Pengaruh kebudayaan asing. Kemajuan ilmu pengetahuan dan teknologi yang begitu pesat di zaman now, seperti yang dicapai informasi dan teknologi dan situasi global yang sedang dihadapi setiap bangsa dalam segala aspek kehidupannya, sangat kuat dalam pengaruh perkembangan mental anak. Seperti Gadget, Film, dan budaya asing yang dimasyarakatkan dengan berbagai media yang lebih dimaksudkan sebagai wahana hiburan, dan juga buku bacaan dengan mudah dapat diperoleh anak, seringkali tidak sesuai dengan budaya setempat.
Sebagai akibatnya, secara tidak langsung ikut membentuk karakter anak menjadi cenderung pada bentuk menurut ukuran budayanya sendiri. Akhirnya anak berperilaku menyimpang dari norma-norma yang berlaku dimasyarakat dan norma sitem keyakinan yang dianutnya. Â Hal tersebut sangat dominan dalam menyumbangkan pengaruh kontradiktif dengan keharusan perkembangan mental anak, sehingga dengan mudah terdorong cenderung pada perilaku yang menyimpang. Asumsi ini termasuk pada wilayah media sosial massa yang secara tidak mudah di gugat keterlibatannya.

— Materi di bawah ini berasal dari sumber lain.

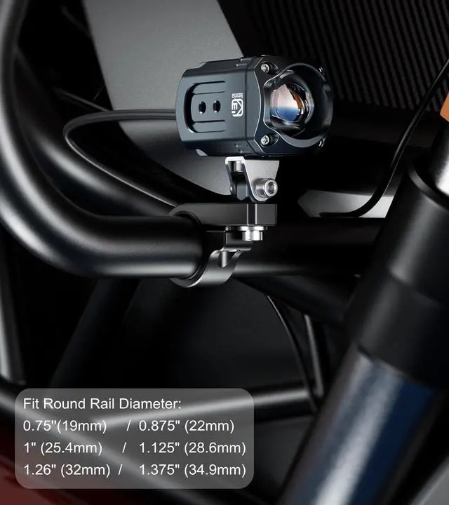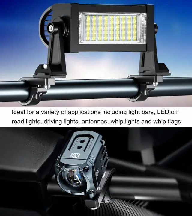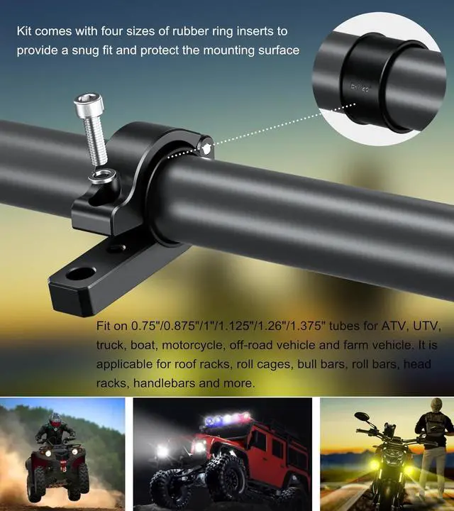 The light mounts made of 6061-T6 aluminum alloy material with CNC machining and iii grade hard anodized surface for durability and reliability in the most demanding environmentsFit for round rails 0.875 (22mm) 1( 25.4 mm) 1.125 ( 28.6 mm) 1.26 (32mm) 1.375 ( 34.92 mm) in diameter for ATV Quad ATV goltf cart 4-wheeler truck boat bike bicycle motorcycle UTV off-road vehicle and farm vehicleThe light bar mounts with 10mm diameter screw mounting hole. Ideal for a variety of applications including light bars LED off road lights driving lights antennas whip lights and whip flagsKit comes with four sizes of rubber ring inserts to provide a snug fit and protect the mounting surface.

Untuk itu suatu solusi yang mungkin ditempuh adalah dengan menerapkan model pendidikan yang integral baik di sekolah maupun diluar sekolah dan adanya keterpaduan antara sekolah dengan keluarga secara solid dalam usaha untuk membentengi peserta didik dari perilaku yang menyimpang melalui pendekatan kultural yang agami. Dengan adanya tindakan yang nyata, diharapkan anak memiliki jiwa Berilmu  Amaly, Beramal 'Ilmy, Berbudi Pekerti, Terampil dan Prestasi.